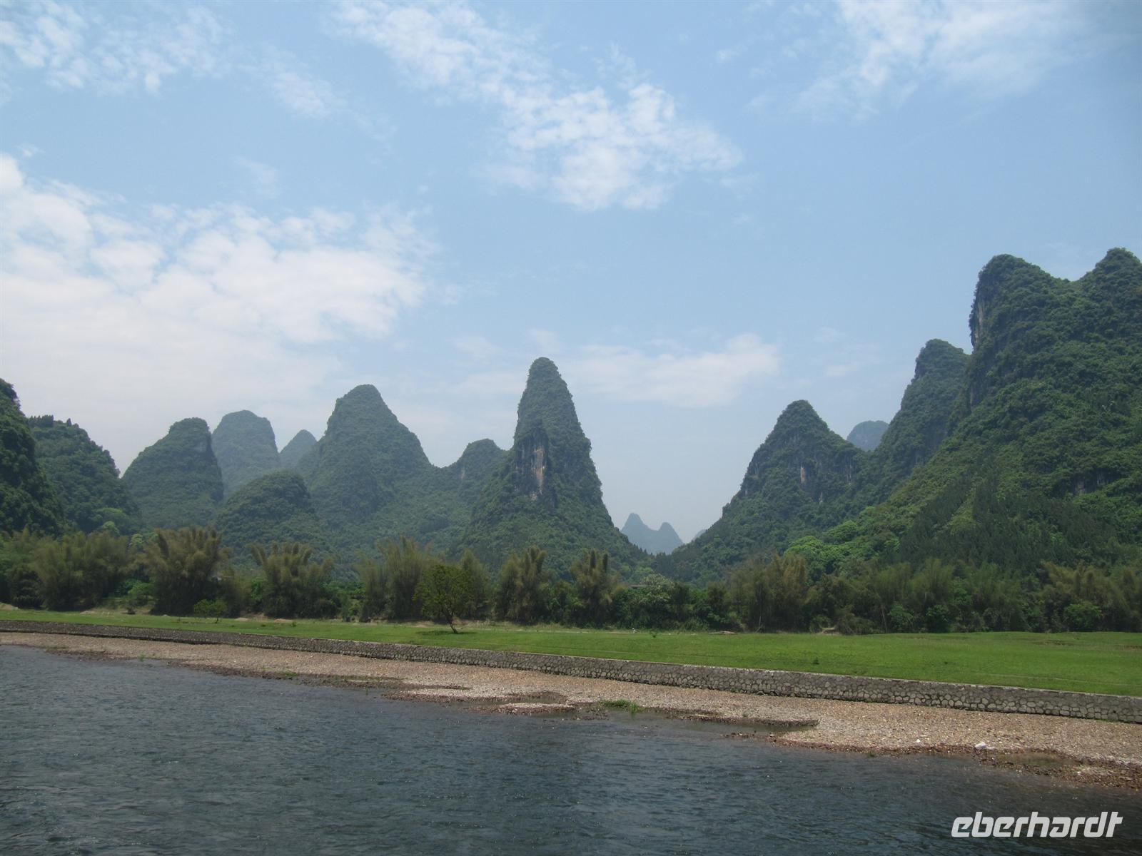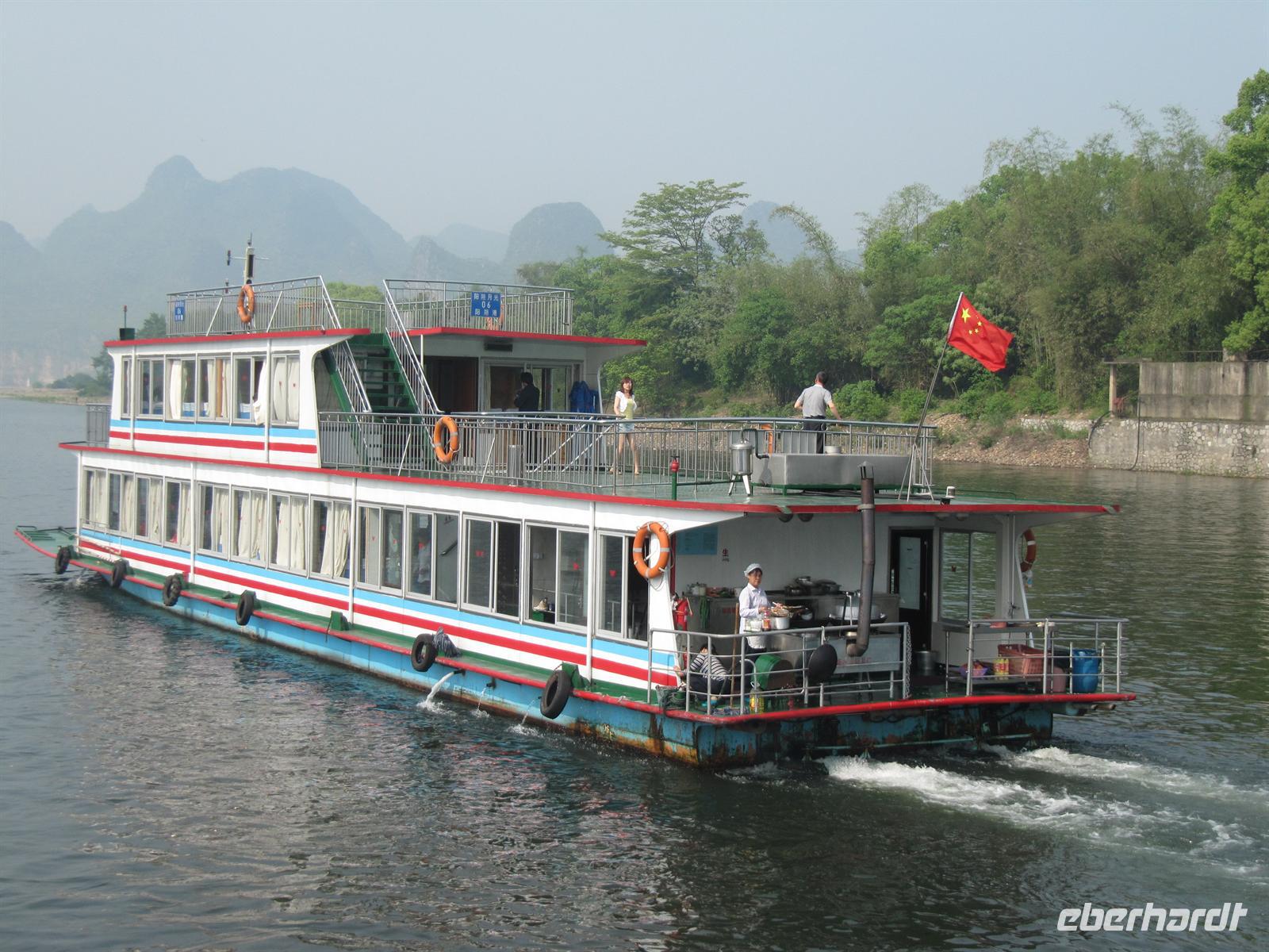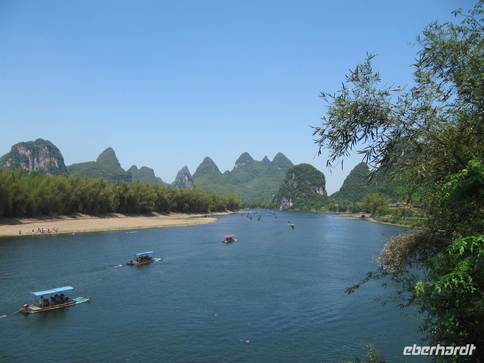 dass sie es bis auf den 20 Yuan-Schein geschafft haben. Schiff an Schiff schlängelt sich auf dem grünen Band des Li-Flusses in das ca. 60 Kilometer entfernte Yangshuo hinab und überall stehen die Menschen auf dem Oberdeck und füllen Gigabytes an Speicherkapazitäten mit immer neuen Formen, Ansichten und Blickwinkel dieser sagenhaften Flusslandschaft. Das schöne Wetter, die bezaubernde Natur und ein kräftiges Mittagessen an Bord lassen die Seele baumeln und die Gedanken schweifen.
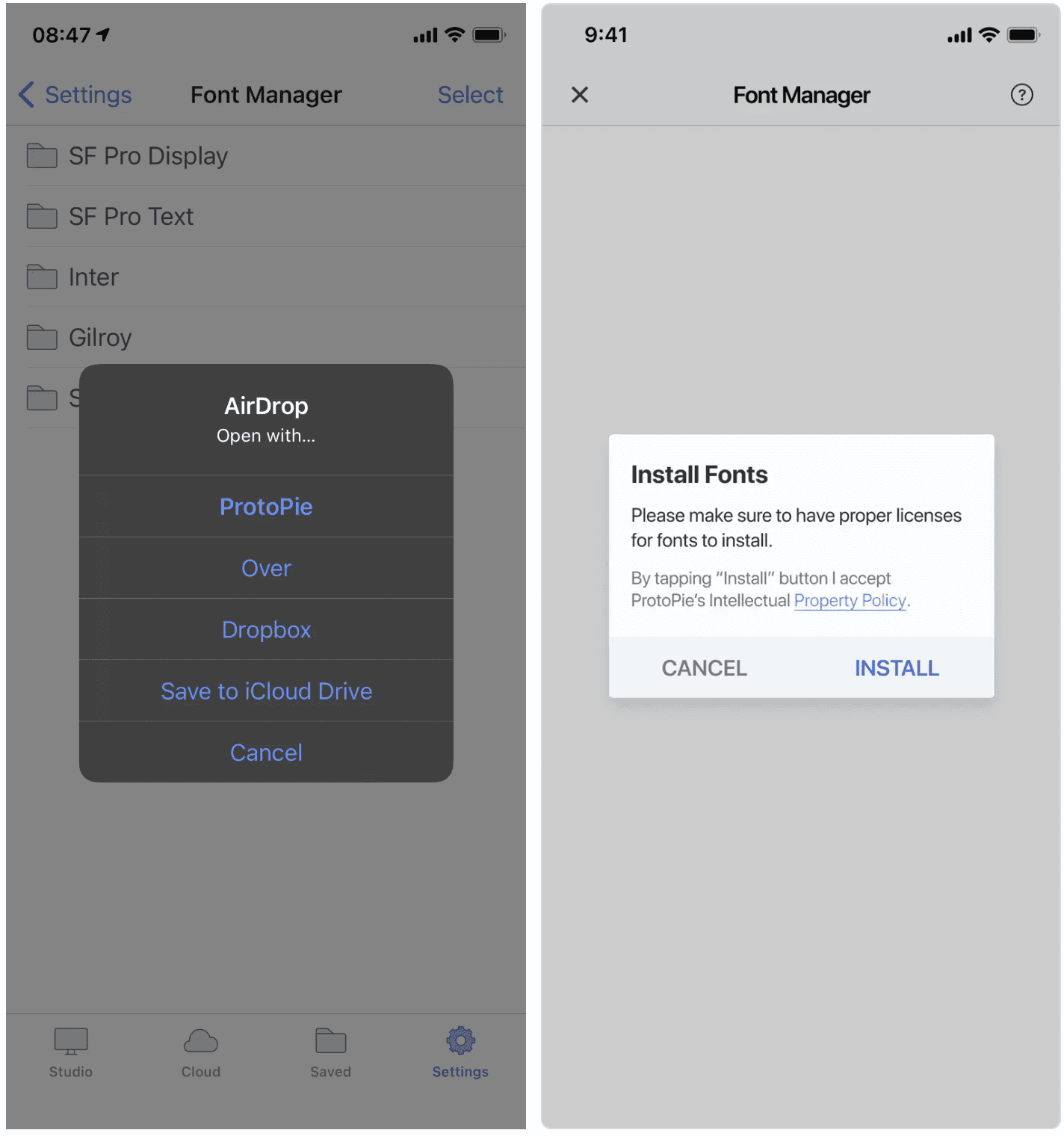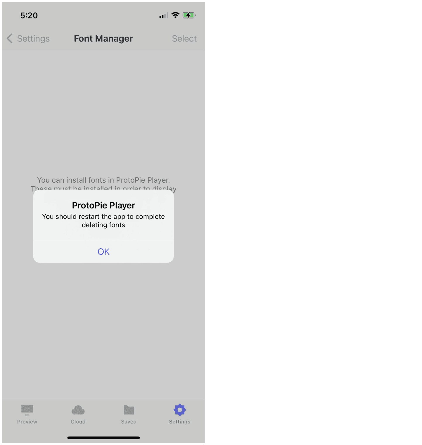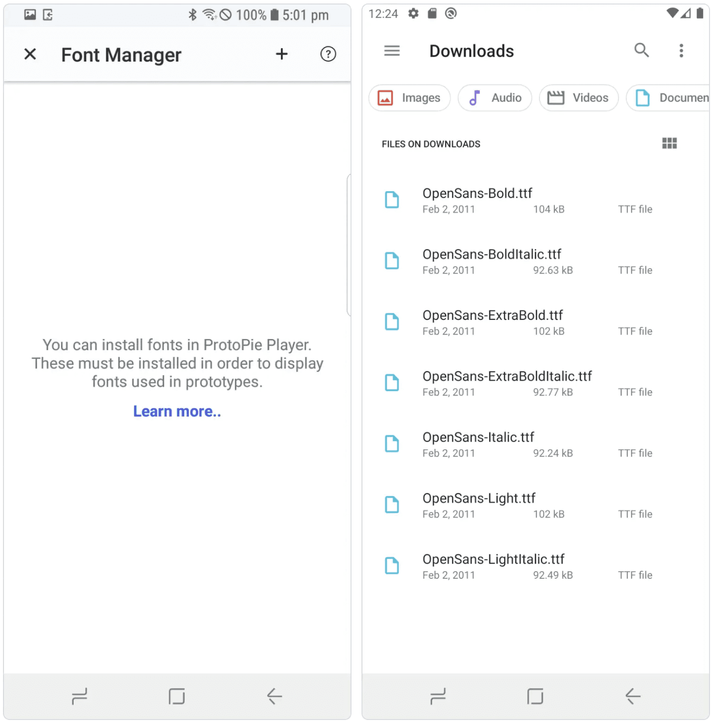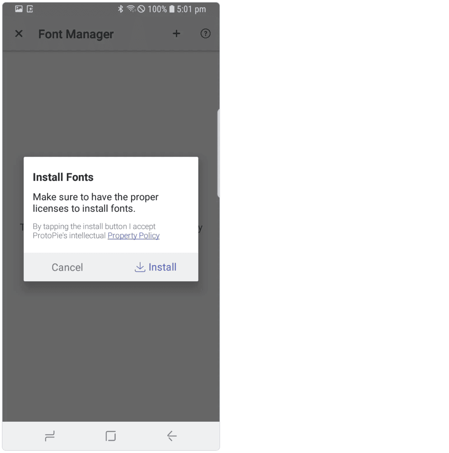 为确保在 ProtoPie Player 中使用非系统字体时,文本和输入图层能够正确显示,您必须在移动设备或平板电脑上单独安装这些字体。安装完成后,这些字体将显示在 ProtoPie Player 的字体管理器中,可在设置中找到。
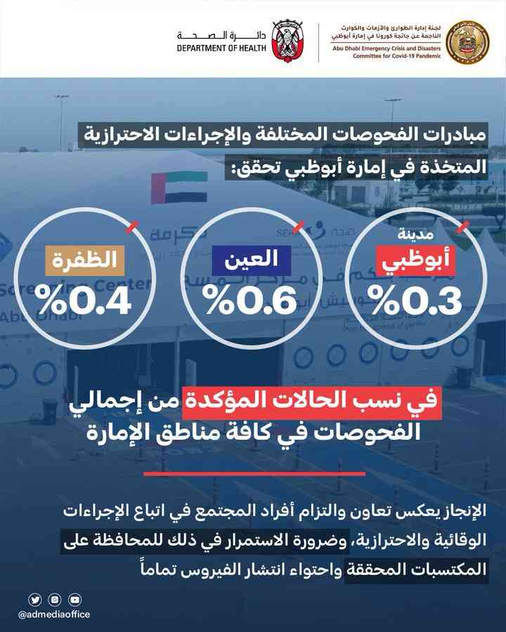 أعلنت لجنة إدارة الطوارئ والأزمات والكوارث في أبوظبي عن نتائج مبادرات الفحوصات المختلفة والإجراءات الاحترازية المتخذة في الحد من انتشار فيروس كوفيد-19، إذ انخفضت نسب الحالات المؤكدة من إجمالي الفحوصات في كافة مناطق الإمارة، فبلغت النسبة في مدينة أبوظبي 0.3%، وفي الظفرة 0.4٪ وفي العين 0.6٪.

-=-=-=-=-

• [WHAT THE TASK ASKS]: Would you provide an exact, picture-free copy of the data above?

• [RESULT FOR THIS EXERCISE]:
 dass sie es bis auf den 20 Yuan-Schein geschafft haben. Schiff an Schiff schlängelt sich auf dem grünen Band des Li-Flusses in das ca. 60 Kilometer entfernte Yangshuo hinab und überall stehen die Menschen auf dem Oberdeck und füllen Gigabytes an Speicherkapazitäten mit immer neuen Formen, Ansichten und Blickwinkel dieser sagenhaften Flusslandschaft. Das schöne Wetter, die bezaubernde Natur und ein kräftiges Mittagessen an Bord lassen die Seele baumeln und die Gedanken schweifen.
 为确保在 ProtoPie Player 中使用非系统字体时,文本和输入图层能够正确显示,您必须在移动设备或平板电脑上单独安装这些字体。安装完成后,这些字体将显示在 ProtoPie Player 的字体管理器中,可在设置中找到。
 أعلنت لجنة إدارة الطوارئ والأزمات والكوارث في أبوظبي عن نتائج مبادرات الفحوصات المختلفة والإجراءات الاحترازية المتخذة في الحد من انتشار فيروس كوفيد-19، إذ انخفضت نسب الحالات المؤكدة من إجمالي الفحوصات في كافة مناطق الإمارة، فبلغت النسبة في مدينة أبوظبي 0.3%، وفي الظفرة 0.4٪ وفي العين 0.6٪.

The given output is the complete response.